■ **Directions**:
Check every line of the data and copy the ones where "Editing" appears.

Stored data
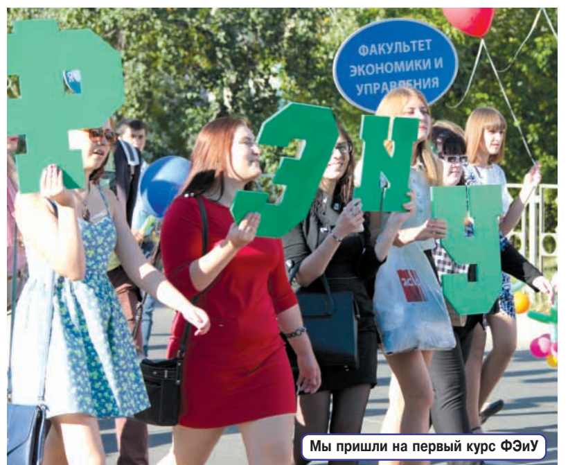
Мы пришли на первый курс ФЭУ
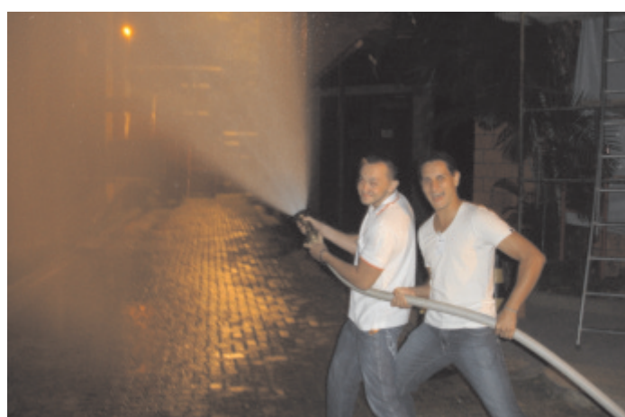
Integrantes da Brigada realizam o treinamento prático
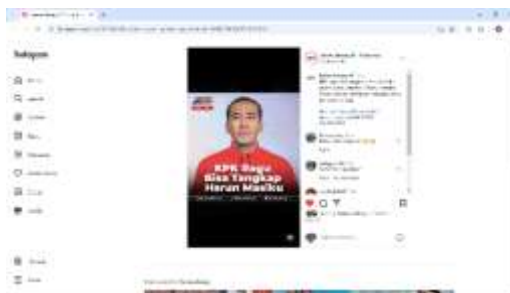
Gambar 1. 1 Editing Konten DHI

yaitu pada tanggal 14 Juni 2024. Diawal kegiatan editing ini peserta magang masih beradaptasi, sehingga masih banyak kekurangan khususnya dalam kecepatan mengedit, karena media berita kejar tayang konten agar berita tidak basi. Dalam kegiatan editing konten DHI disini peserta menjadi editor video yang sudah di siapkan oleh PIC Brief. Selama melakukan magang peserta telah melakukan editing video kurang lebih sebanyak 43 konten DHI, 11 Flash News , 11 Highlight , dan 26 Editing Khusus yang sudah di unggah di Instagram sesuai dengan tabel yang ada diatas:
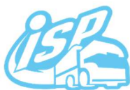
動歷快車 I-Sports Express
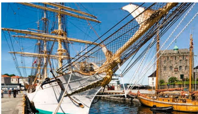
Segelschiff im Hafen von Bergen, Norwegen
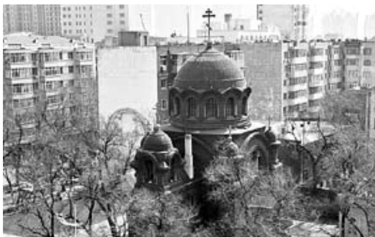
Храм Покрова Пресвятой Богородицы в Харбине

Перевод Великого покаянного канона вышел в свет незадолго до начала Великого поста. Перевел тексты и подготовил издание доктор филологических наук, профес-
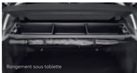
Rangement sous tablette
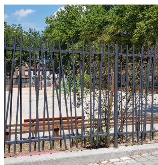
PORTAIL DOUBLE VANTAUX
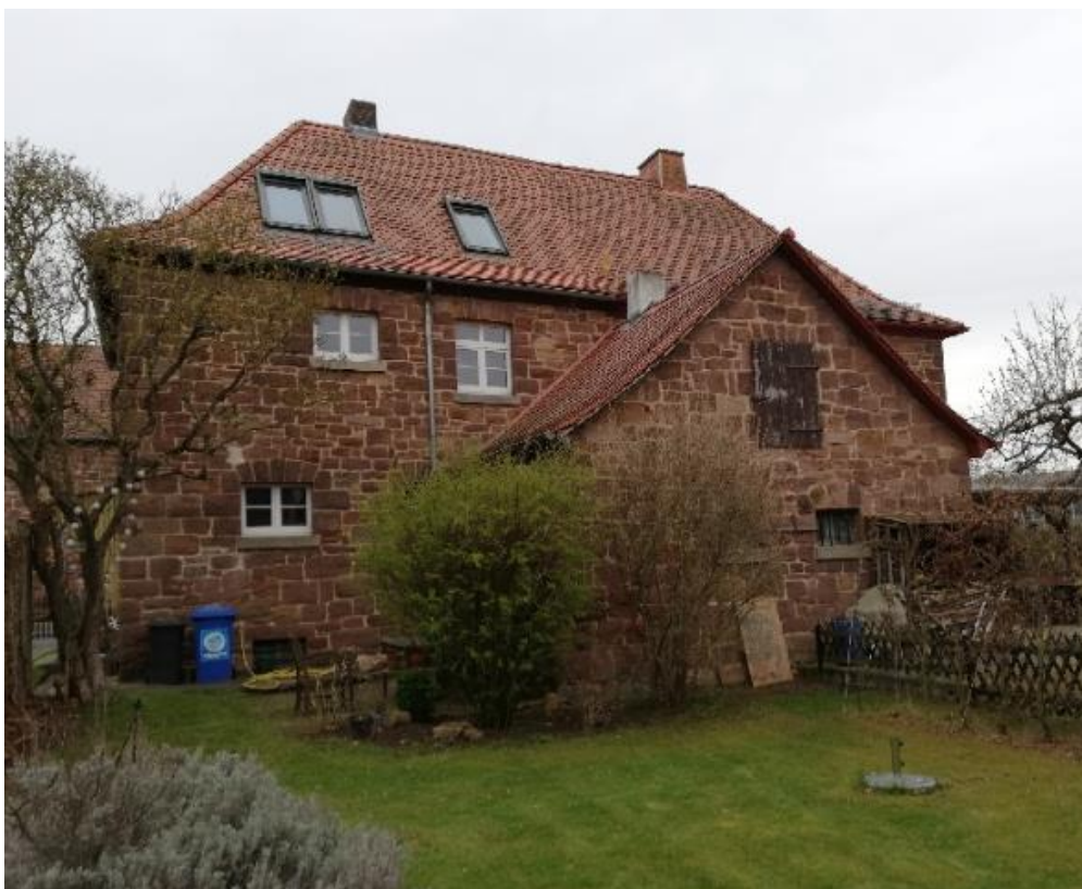
Bilder von 2021
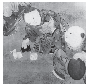
元 作者不詳 『秋影嬰戲図』(部分拡大)
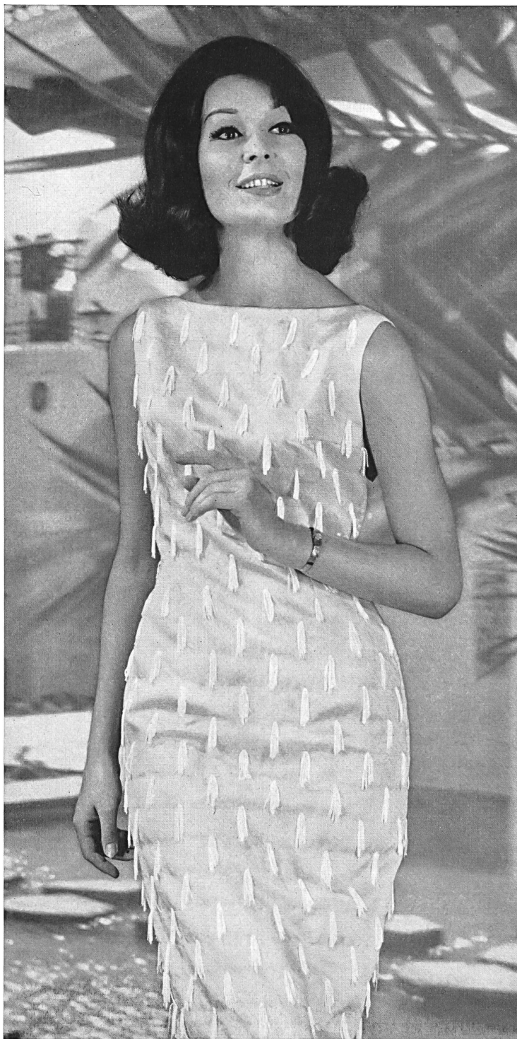
ROBT. SCHWARZENBACH & CO., THALWIL Sandu Tassel (tissu / fabric / tejido / Gewebe) Modèle Schröder-Wulf, Hambourg

De merveilleuses broderies très exclusives sur piqué, blanc sur blanc ou en couleurs avec des effets superposés, font de petites jaquettes très charmantes, qui complètent les robes de terrasse (genre qui devient aussi populaire

■ **Task answer**:
Gambar 1. 1 Editing Konten DHI
yaitu pada tanggal 14 Juni 2024. Diawal kegiatan editing ini peserta magang masih beradaptasi, sehingga masih banyak kekurangan khususnya dalam kecepatan mengedit, karena media berita kejar tayang konten agar berita tidak basi. Dalam kegiatan editing konten DHI disini peserta menjadi editor video yang sudah di siapkan oleh PIC Brief. Selama melakukan magang peserta telah melakukan editing video kurang lebih sebanyak 43 konten DHI, 11 Flash News , 11 Highlight , dan 26 Editing Khusus yang sudah di unggah di Instagram sesuai dengan tabel yang ada diatas:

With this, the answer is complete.